Earlier this year Davies, 29, who races for the Spirit-Bontrager-BSS-Rotor elite, made a historic decision earlier this summer, as he publicly came out as gay in an interview with cycling website The British Continental. Revealing how a life-threatening crash on the bike, when his head was almost crushed after he was run down by a driver in St Albans, changed his perspective on life, Davies told the domestic cycling website: “It took quite literally nearly dying for me to reveal my sexuality.”
In doing so he became statistically something of an anomaly. As Cycling Weekly detailed in a feature in May there are currently no male WorldTour pro riders who are out, despite the chance of their being no gay men in the peloton so vanishingly small as to be close to zero, and only a very select handful of amateurs. As a consequence he’s found himself at the centre of the debate on how our sport can become a more open and inclusive place.
Now, almost two months after that first interview was published, Davies is tells Cycling Weekly, his experience of being out in the cycling world has mostly been positive.
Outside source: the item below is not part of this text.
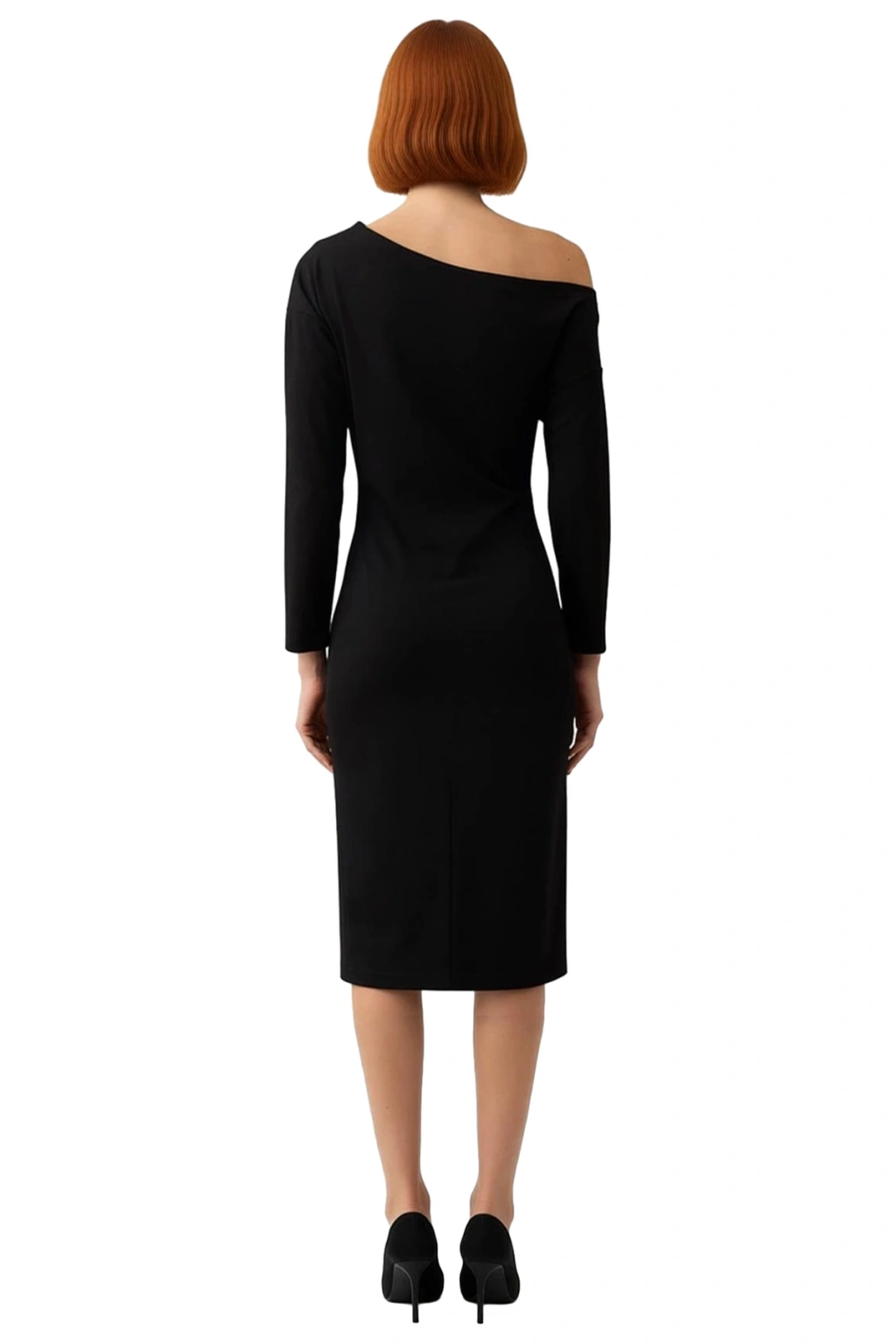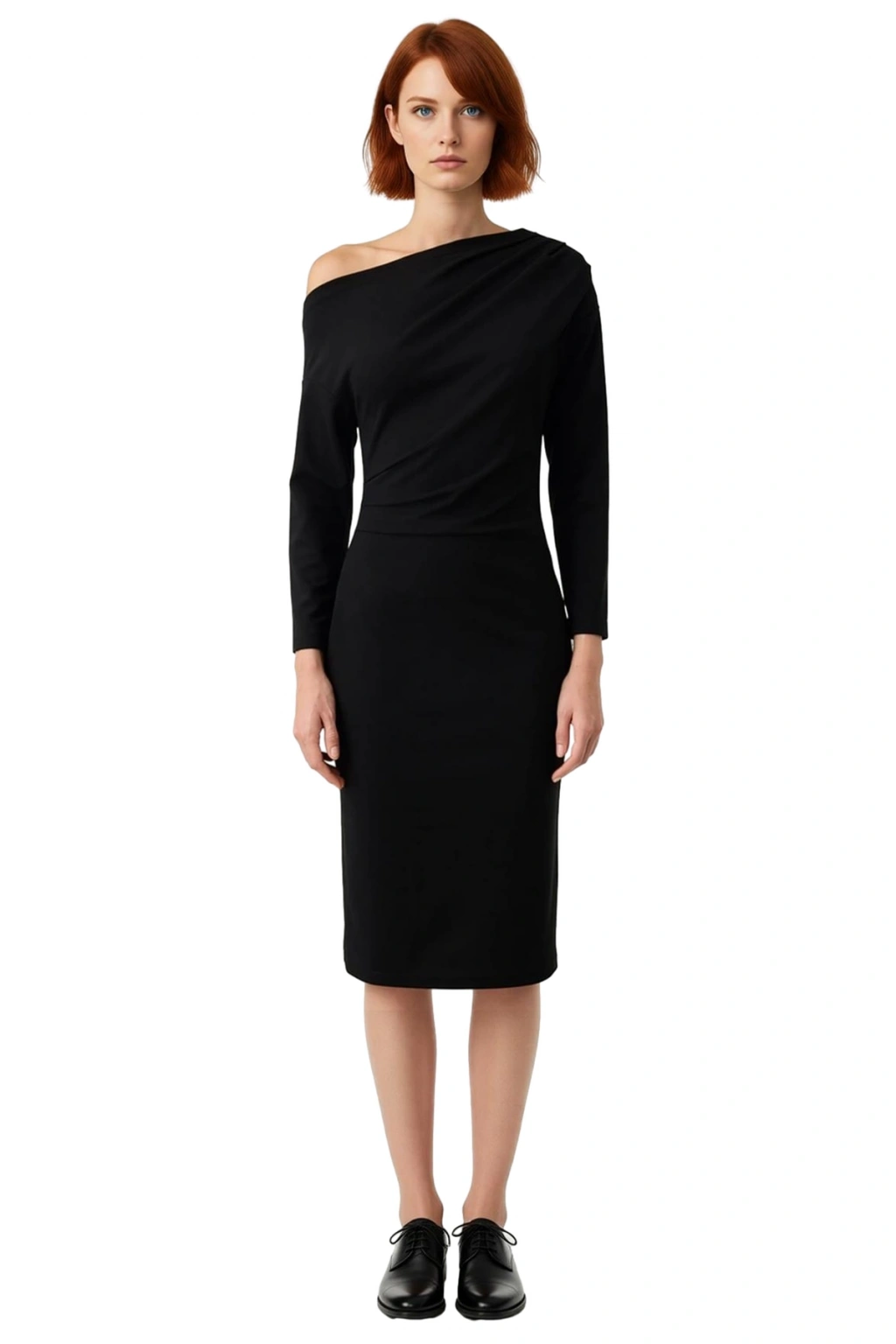 Elbisenin çarpıcı asimetrik kayık yaka tasarımı, omuzları zarifçe açıkta bırakarak dikkat çekici ve modern bir estetik sunar. Reglan kol tipi, uzun kol boyu ile birleşerek gün boyu hareket özgürlüğü sağlarken, şık ve dinamik bir duruş sergiler. Örme kumaş yapısı ve scuba krep dokusu, cildinize yumuşak bir dokunuş vaat ederken, nefes alabilir özelliği sayesinde gün boyu konforlu bir kullanım sunar. Astarsız olmasına rağmen, kaliteli materyal bileşimi sayesinde iç göstermez ve güvenle giyilebilir. Makinede yıkanabilir özelliği (T10 talimatına uygun), bakımını oldukça pratikleştirirken, dayanıklı yapısı bu elbiseyi gardırobunuzun uzun yıllar favori parçası olmasını sağlar. Bu detaylar sayesinde hem stil sahibi hem de rahatlık odaklı bir deneyim yaşatır.
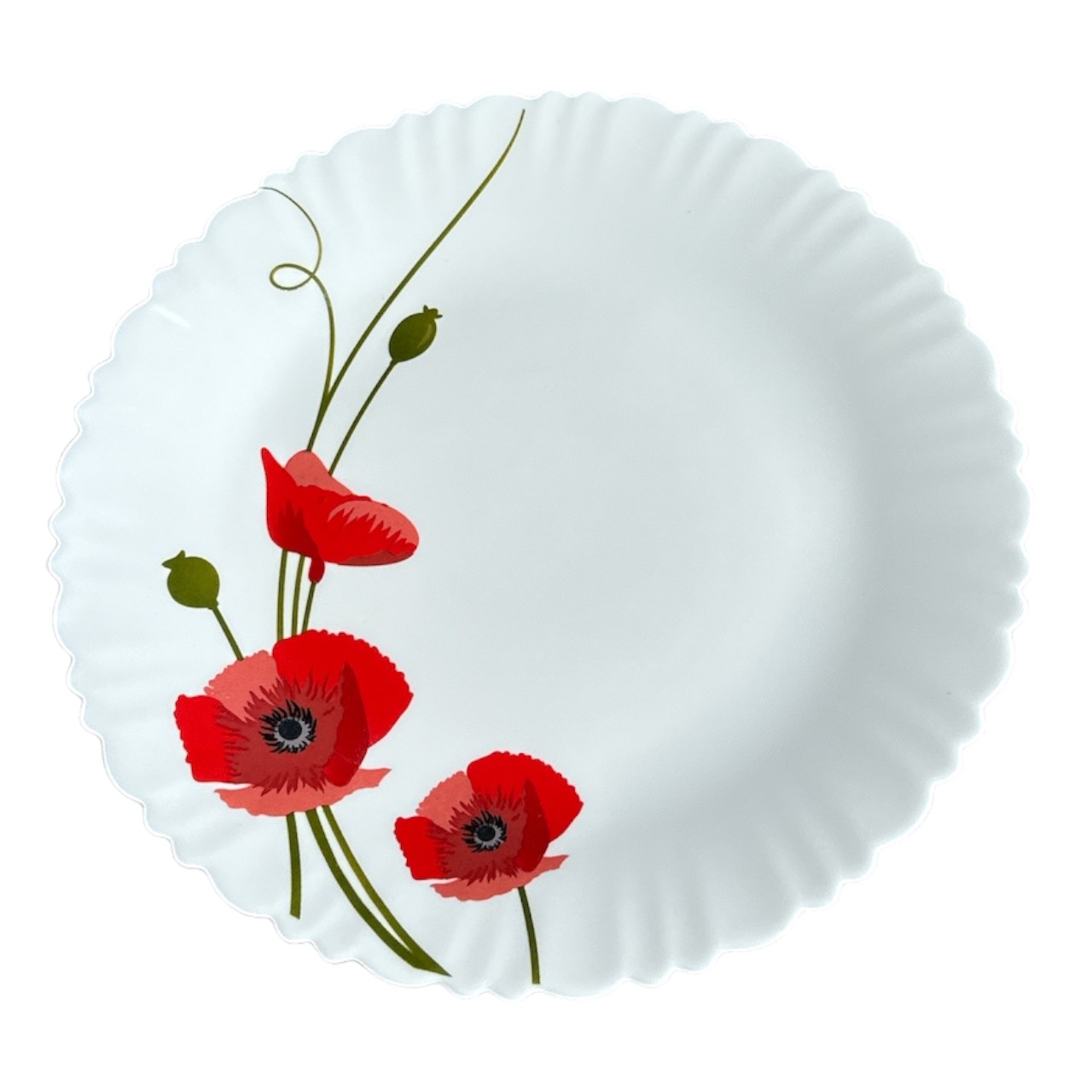 Farfuria intinda din opal avand model de flori de maci rosii cu diametrul de 26 cm este un vas de servit mancare foarte rezistent la socuri mecanice moderate, zgarieturi sau socuri termice. Conceputa pentru utilizarile zilnice si repetate, farfuria opal intinsa poate fi utilizata cu succes in mod profesional pentru servirea clientilor intr-un restaurant, cantina sau alt local care prepara mancare. In plus, comparativ cu tipuri de materiale precum ceramica, opalul este mult mai usor, asigurand o manipulare mult mai comoda. De asemenea, are suprafata neteda si lucioasa, iar marginile sunt placut modelate in valuri.

He says: “I decided to do the interview - it’s something I was thinking about doing last year actually, but with the lockdown being announced. I just wasn’t in the right frame of mind to do it last year.
“The motivation was, in my perceived view, it’s clearly an issue and I just wanted to tell people my story.”
Despite the fairly monumental moniker as Britain’s first openly gay elite male racer, it’s his confidence that struck me during our hour-long conversation. For Davies it’s not the title that matters, instead it’s the knowledge that he is who he is, and it’s the world that now needs to accept him.
In the peloton
Davies’ cycling career dates back to his childhood in rural Hertfordshire, where he used the bike to get around with no easy transport links, which eventually developed into a mountain bike career. Transferring to the road, Davies found his place in the peloton in 2019, when he joined the now-defunct Flamme Rouge team in 2020, before his switch to Spirit for the 2021 season.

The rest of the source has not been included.